A Novel Screening Strategy Reveals ROS-Generating Antimicrobials That Act Synergistically against the Intracellular Veterinary Pathogen Rhodococcus equi

Abstract

Rhodococcus equi is a facultative intracellular pathogen that causes infections in foals and many other animals such as pigs, cattle, sheep, and goats. Antibiotic resistance is rapidly rising in horse farms, which makes ineffective current antibiotic treatments based on a combination of macrolides and rifampicin. Therefore, new therapeutic strategies are urgently needed to treat R. equi infections caused by antimicrobial resistant strains. Here, we employed a R. equi mycoredoxin-null mutant strain highly susceptible to oxidative stress to screen for novel ROS-generating antibiotics. Then, we used the well-characterized Mrx1-roGFP2 biosensor to confirm the redox stress generated by the most promising antimicrobial agents identified in our screening. Our results suggest that different combinations of antibacterial compounds that elicit oxidative stress are promising anti-infective strategies against R. equi. In particular, the combination of macrolides with ROS-generating antimicrobial compounds such as norfloxacin act synergistically to produce a potent antibacterial effect against R. equi. Therefore, our screening approach could be applied to identify novel ROS-inspired therapeutic strategies against intracellular pathogens.

1. Introduction

Rhodococcus equi is an intracellular pathogen that causes granulomatous infections in a wide range of animal species, including foals, dogs, pigs, cattle, sheep, and goats [1,2,3]. In addition, R. equi can infect immunocompromised humans causing a fatal pyogranulomatous bronchopneumonia [4]. R. equi is a widely distributed pathogen, and is frequently endemic in horse farms [5,6]. This pathogen is usually transmitted by inhaling aerosol respiratory particles or dust contaminated with R. equi [5,6].

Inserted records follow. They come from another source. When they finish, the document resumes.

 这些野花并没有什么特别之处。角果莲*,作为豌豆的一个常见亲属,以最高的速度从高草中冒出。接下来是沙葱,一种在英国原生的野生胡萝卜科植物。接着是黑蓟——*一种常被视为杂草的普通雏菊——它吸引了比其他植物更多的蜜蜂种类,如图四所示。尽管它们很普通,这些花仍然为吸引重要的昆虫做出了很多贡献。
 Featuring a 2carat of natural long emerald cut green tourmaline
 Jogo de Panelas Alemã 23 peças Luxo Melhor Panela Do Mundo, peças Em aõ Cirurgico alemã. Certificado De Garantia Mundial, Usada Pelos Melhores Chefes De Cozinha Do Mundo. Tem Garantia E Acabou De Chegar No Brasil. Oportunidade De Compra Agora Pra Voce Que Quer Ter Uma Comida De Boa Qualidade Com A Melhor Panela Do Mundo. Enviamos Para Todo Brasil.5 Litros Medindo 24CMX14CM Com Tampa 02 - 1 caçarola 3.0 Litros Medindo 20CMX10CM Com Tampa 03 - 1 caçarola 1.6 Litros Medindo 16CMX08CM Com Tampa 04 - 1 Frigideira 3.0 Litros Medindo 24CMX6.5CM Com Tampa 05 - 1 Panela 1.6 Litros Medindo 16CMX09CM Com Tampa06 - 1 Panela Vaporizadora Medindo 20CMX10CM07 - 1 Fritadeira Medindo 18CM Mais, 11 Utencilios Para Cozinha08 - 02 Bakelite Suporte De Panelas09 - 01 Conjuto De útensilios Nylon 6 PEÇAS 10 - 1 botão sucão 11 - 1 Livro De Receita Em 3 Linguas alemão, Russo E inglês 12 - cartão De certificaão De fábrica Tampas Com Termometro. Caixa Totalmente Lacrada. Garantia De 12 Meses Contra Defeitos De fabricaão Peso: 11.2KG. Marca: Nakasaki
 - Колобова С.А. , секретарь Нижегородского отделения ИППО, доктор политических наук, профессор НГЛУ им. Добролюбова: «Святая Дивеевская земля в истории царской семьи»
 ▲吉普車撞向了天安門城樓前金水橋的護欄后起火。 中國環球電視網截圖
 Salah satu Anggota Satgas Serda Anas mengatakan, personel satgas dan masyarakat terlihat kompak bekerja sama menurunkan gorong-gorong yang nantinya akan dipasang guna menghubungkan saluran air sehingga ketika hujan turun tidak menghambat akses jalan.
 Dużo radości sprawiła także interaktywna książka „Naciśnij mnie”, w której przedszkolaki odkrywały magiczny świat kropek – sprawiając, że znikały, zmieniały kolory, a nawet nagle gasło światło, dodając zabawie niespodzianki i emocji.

During the last decade, the number of R. equi isolates resistant to commonly used antimicrobials has dramatically increased [7,8,9], making current antibiotherapies often ineffective [10]. Primary preventative strategies based on the use of vaccines or hyperimmune plasma administration do not confer full protection against this pathogen [11,12,13]. Thus, new treatments based on a combination of clinically established antimicrobials with novel anti-R. equi compounds could be the only realistic option to solve in the short term the crisis caused by antimicrobial resistant strains.

Interestingly, some antimicrobial agents can stimulate the production of reactive oxygen species (ROS) as part of their mechanism of action [14,15,16]. Therefore, the antioxidant systems of bacterial pathogens could be important to counteract antibiotic ROS production. We recently demonstrated that mycoredoxins are key factors for the maintenance of R. equi’s redox homeostasis [17]. In particular, a R. equi mutant strain lacking three mycoredoxin-encoding genes (R. equi Δmrx1Δmrx2Δmrx3) shows high susceptibility to oxidative stressing agents, including hydrogen peroxide, sodium hypochlorite, or nitric oxide [17]. Based on this evidence, we used here this triple mrx-null mutant strain of R. equi to screen for novel ROS-generating antimicrobial compounds. As a result, we identified potent and synergistic antimicrobial activities of different ROS-producing antibiotics against R. equi. In addition, we established a novel screening approach for the identification of ROS-inspired antimicrobial strategies against this intracellular veterinary pathogen.

2. Materials and Methods

2.1. Bacterial Strains, Reagents, and Antibiotic Susceptibility Tests

Rhodococcus equi 103S⁺ was kindly provided by Dr. Jesús Navas from the University of Cantabria (Spain), which was considered the wild type strain in all assays. R. equi Δmrx1Δmrx2Δmrx3 and R. equi Δmrx1Δmrx2Δmrx3 expressing mrx1-roGFP2 are derivative strains of R. equi 103S⁺ [17]. All reagents were procured from Sigma-Aldrich, unless otherwise stated.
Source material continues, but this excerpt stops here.